A ban on using electronic cigarettes in public spaces across the state of New York takes effect Wednesday, something critics warn will undermine public health in the city.
Democratic Gov. Andrew Cuomo signed the law Oct. 23, which amends New York’s Indoor Clean Air Act to include e-cigarettes. Under the new rules, e-cigarettes are viewed no differently than any other tobacco product, despite research showing the devices eliminate up to 95 percent of the risks associated with smoking, reports Democrat and Chronicle.

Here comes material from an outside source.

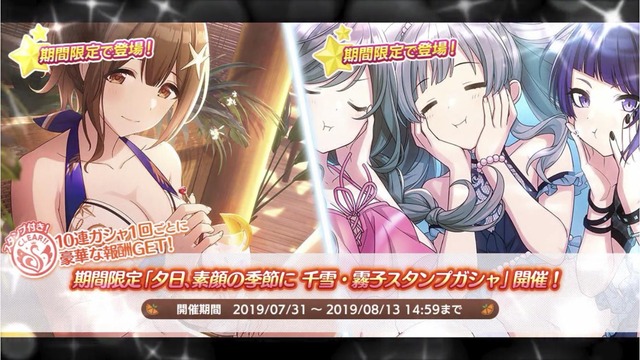 【シャニマス】「夕日、素顔の季節に千雪・霧子スタンプガシャ」よりSSR桑山千雪、SSR幽谷霧子が登場!イベントサマーミーツワンダーランド開催!報酬SSR杜野凛世!

Vaping will is now banned anywhere that smoking is restricted, including restaurants, bars and workplaces. Proponents of the ban say it will help improve overall public health in the city, claiming there is little known about the health impacts of secondhand vapor.
Critics say the ban could actually undermine public health goals because it restricts use of the products to areas where smoking is allowed. Smokers may be less likely to ever attempt quitting with a vape if the products are relegated to the status of combustible cigarettes.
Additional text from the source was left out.